"There has to be something I can do about this!" I fume to my parents. "She's ruining his life! He's only staying with her because of Hailey. What kind of life will she have? Raised in a 'family' with two angry parents?" I cannot remember ever being so angry. This is not the life he deserves. This is not the man I used to know. He would never have allowed a girl to dangle his four-month-old daughter in front of him like a privilege to be earned. I wish I'd said something when they first started going out, but none of us ever thought it would get this far. Not so far that if he even blinks in my direction, she'll take Hailey and walk out. No matter who keeps telling her, she won't believe that Jon and I are only friends. But my parents can only tell me what I already know – anything I try to do now will only make it worse. I have to let him go.
Om nom nom nom nom. The kitty ringtone signals a text. I smile when I see it's from Jon. "hey can u meet us in the lobby? i need 2 run some errands & D wants 2 c u." When I get there, Jon gives me a quick hug and then I sit down on the couch beside Deanna. Without preamble, she throws her left hand at me so I can shriek at the shiny diamond ring. We gush over the Disneyland proposal and discuss names for the baby. I try to be happy for them, but they've only been dating for two months, and something feels off. But Jon is so excited to be a father, and since Deanna's parents have been positively awful to her because of the baby, he really wants us to be friends. I support her because I support him.
Music pulses loudly through the space. We have to go outside onto the smoke patio in order to hear each other. "So what do you think of her?" My roommate, Ariane, asks me. "I don't know," I shrug. "She's really ditzy. And she has a weird laugh. And what happened to her jaw? Couldn't her parents have afforded braces in this day and age?" We snicker and though it's all true, I feel bad. "But we only just met her, so maybe we'll see something in her later." "I guess," Ariane muses, "But they don't seem right together. And she's barely out of high school." "Meh, he's just rebounding." I say. "I'm sure he'll come around." We agree. So instead of talking to him, we just dance. We've got the rest of our lives to laugh about this later, after all.

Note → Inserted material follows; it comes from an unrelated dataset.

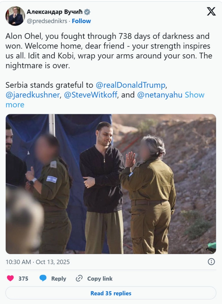 Алон Охел 738 дена се бореше низ темнина и победи. Добредојде дома, драг пријателе, твојата сила нè инспирира сите. Едит и Коби, прегрнете го вашиот син. Кошмарот заврши. Србија е благодарна на Доналд Трамп, Џаред Кушнер, Стив Виткоф и Бенјамин Нетанјаху – лидери кои носат слобода кога е најважна. Стабилноста е единствениот пат напред, напиша Вучиќ на платформата Икс.

"Hey Tango!" His voice booms as he wraps me in a hug that picks me up off the floor. "Hey yourself stranger! Glad to be back from Puerto Rico?" He tells me all about his grand adventures, what he loved about school there, and mostly what he hated. I've missed him so much this year. School hasn't been the same without all of us getting in and out of trouble. There's so much I've yet to tell him, but I want his stories first. We've got all the time in the world now.
New message on myspace. It's Jon, hailing from Puerto Rice again in the middle of the night. His mom displaced him over there to "fix" who knows what, but he's miserable. I don't need to smell his breath to find the alcohol in his letter. Only half of his sentences make any sense and his typing is even worse than normal. The main feeling I find in his words is this intense loneliness. It is mirrored in my own. We used to talk about everything, and now distance alone has forced us apart.
"I don't know what to do," I howl. "I told them the truth and they only threw it back in my face." Jon wraps me in his arms, supporting me through this pain of denial, of punishment I don't deserve and cannot understand. He says nothing, instinctively knowing that words mean nothing now. And I sob.
My mom still asks me about eyeliner boy. Every time I just roll my eyes and tell her he's fine. Then I call Ariane and we laugh over Jon's inopportune timing. The one day he suddenly decides to try his hand at the emo fashion style, my parents surprise me at college while everyone's at breakfast. I tease him that I'll let him have my water-proof mascara if he'll just give me ample warning next time.
Last night it took me an hour to get him to stop talking about suicide. His last girlfriend hurt him a lot. So today I bring him to the mall so we can play around with the puppies and try on the weirdest outfits we can find. He throws in a beautiful orange dress for fun and it fits perfectly, but I don't have the money for it. The next day, I find him modeling it for me. "You jerk!" I laugh, punching him in the shoulder. "Go bother some poor girl who's receptive to your pathetic version of flirting." "Hey now, can't blame a guy for knowing a good thing when he sees it!" He puts his arm around my waist to tickle me but I run away first. The dress hits my feet and when I look back, he's sticking his tongue out at me until we both start laughing again.
We misread the movie times and now have over an hour to wait. We pick an empty cushioned bench towards the back of the theater where it's quieter. A bunch of people were supposed to come, but they've apparently all backed out. No matter. Jon has always seemed pretty cool. At least he did pretty well in that Shakespeare play we were both in last quarter. We start talking to pass the time, going through our majors and all that surface crap in record time. Then, handing me the popcorn, he asks about my scars, and for some reason, I'm not afraid to tell him. When he talks, it turns out we have more in common than just Twelfth Night.
Great. Here I am, trying to get away from my Southern roots, and my first quarter in college, somebody's already making me a language coach for the play. Perfect. "Sebastian?" A head of dark hair looks up at me. "I'm supposed to run lines with you?" "Oh cool," he laughs, holding out his hand. "I'm Jon." I smile. "Taryn."